# Exercise objective
Give again, word for word, every line below from the one that has "公告称,合景泰富将对公司一年内到期的三笔美元债券进行交换要约和同意征求交易。" through the one that has "- Arrange the", both included, and no others.

::: Records shown :::

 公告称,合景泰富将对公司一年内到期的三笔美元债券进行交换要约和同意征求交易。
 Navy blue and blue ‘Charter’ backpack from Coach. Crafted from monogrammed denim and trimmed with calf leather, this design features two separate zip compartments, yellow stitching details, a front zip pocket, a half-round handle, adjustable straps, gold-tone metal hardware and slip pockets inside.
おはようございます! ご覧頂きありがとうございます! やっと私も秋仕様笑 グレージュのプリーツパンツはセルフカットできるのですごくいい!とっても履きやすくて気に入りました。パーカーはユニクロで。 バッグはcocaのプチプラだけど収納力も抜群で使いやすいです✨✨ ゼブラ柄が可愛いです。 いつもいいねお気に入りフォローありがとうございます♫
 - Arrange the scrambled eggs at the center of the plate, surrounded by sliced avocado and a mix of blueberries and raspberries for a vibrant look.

:::
::: Records shown :::

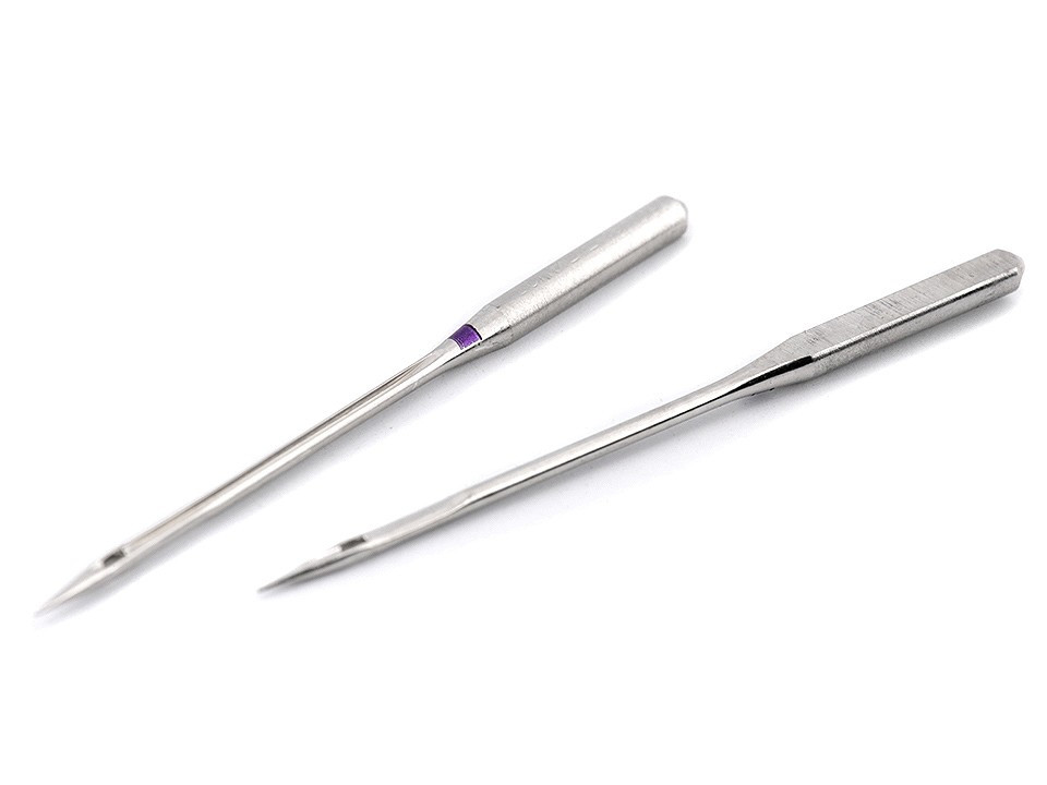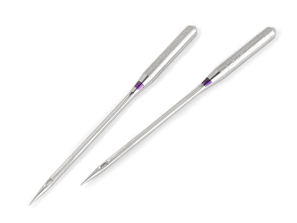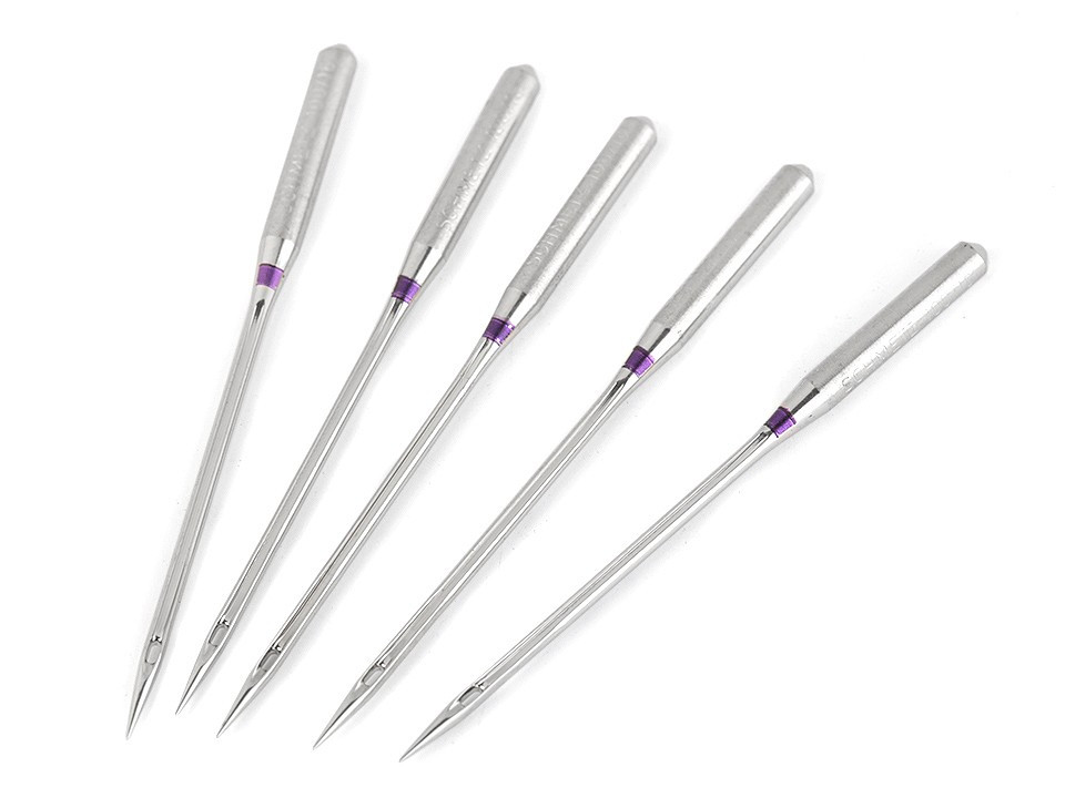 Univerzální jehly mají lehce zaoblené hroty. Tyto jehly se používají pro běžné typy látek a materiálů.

:::

# Task result
 公告称,合景泰富将对公司一年内到期的三笔美元债券进行交换要约和同意征求交易。
 Navy blue and blue ‘Charter’ backpack from Coach. Crafted from monogrammed denim and trimmed with calf leather, this design features two separate zip compartments, yellow stitching details, a front zip pocket, a half-round handle, adjustable straps, gold-tone metal hardware and slip pockets inside.
おはようございます! ご覧頂きありがとうございます! やっと私も秋仕様笑 グレージュのプリーツパンツはセルフカットできるのですごくいい!とっても履きやすくて気に入りました。パーカーはユニクロで。 バッグはcocaのプチプラだけど収納力も抜群で使いやすいです✨✨ ゼブラ柄が可愛いです。 いつもいいねお気に入りフォローありがとうございます♫
 - Arrange the scrambled eggs at the center of the plate, surrounded by sliced avocado and a mix of blueberries and raspberries for a vibrant look.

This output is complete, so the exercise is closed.